Subgroup analyses for the primary outcome are planned. We will assess whether the intervention effect differs between patient groups with differing MRI lesion status (recorded as ‘significant lesion including anterior’, ‘significant lesion not anterior’, or ‘no significant lesion’) and prostate volume (normal < 50 cc, large 50–79 cc, extra-large ≥ 80 cc). We hypothesise that the detection rate of clinically significant PCa will be higher in participants with an anterior lesion, and in those with a larger prostate, on MRI receiving an LATP versus TRUS biopsy [17]. Where numbers within subgroups are too small, we will consider combining levels within subgroups (e.g. combine prostate volume 50–79 cc with ≥ 80 cc). Subgroup analyses will use mixed effects logistic regression with a random effect for the recruitment site and a fixed effect for MRI pre-biopsy lesion location for the ITT population, in line with the analysis described for the primary outcome. Intervention allocation by subgroup interaction terms will be used to assess point estimates and confidence intervals and will be displayed using forest plots.

Sensitivity analyses

Sensitivity analyses will be conducted to assess the robustness of the main trial results. Sensitivity analyses to explore the impact of missing primary outcome PCa detection are outlined in the “Approach to missing data” in the “Analyses” section.

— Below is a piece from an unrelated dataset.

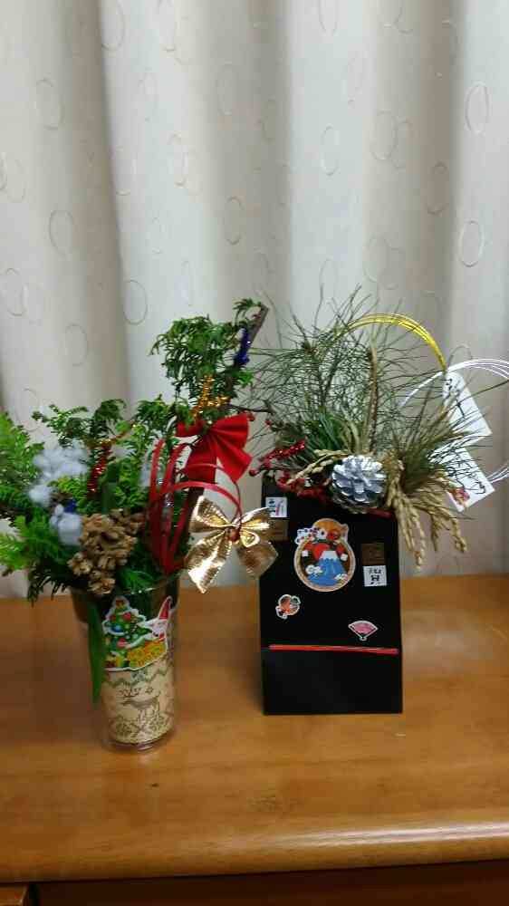 お正月とクリスマスを一度に🎶両日まで持たさないといけないので、お水は入れないでとの事❤黒い袋はワイン🍷用をカットしたものだとか☺

Supplementary analyses and outcomesNumber of biopsy cores

The number of recommended biopsy cores to be taken for each type of intervention is stipulated in the protocol such that it is expected to be similar across the two biopsy groups. The number and proportion of participants with too many (more than 18 systematic cores) or too few (less than 6 systematic cores) will be presented for each randomised group.

Bayesian re-design methodological add-on

A methodological Bayesian re-design of the trial data was pre-specified in the study protocol and is being conducted alongside the main trial [3]. This re-design intends to assess whether analysing TRANSLATE using novel Bayesian adaptive methods may provide efficiency gains over the more typical trial design outlined in this SAP. The final reporting of trial results will be presented in line with the aspects described above and will be considered independent of the methodological outcomes. The Bayesian final analysis will be conducted once the study has completed data collection and will be presented after the trial primary results have been reported. Details of the Bayesian methodology employed are described in the Additional file Appendix 1.

Statistical packages

All analysis will be carried out using appropriate validated statistical software such as Stata v18.0 (StataCorp, College Station, TX, USA), SAS 9.4 (SAS Institute, Cary NC, USA) or R v3.4.1 (R Foundation for Statistical Computing, Vienna, Austria). The relevant package(s) and version number(s) will be recorded in the Statistical Report.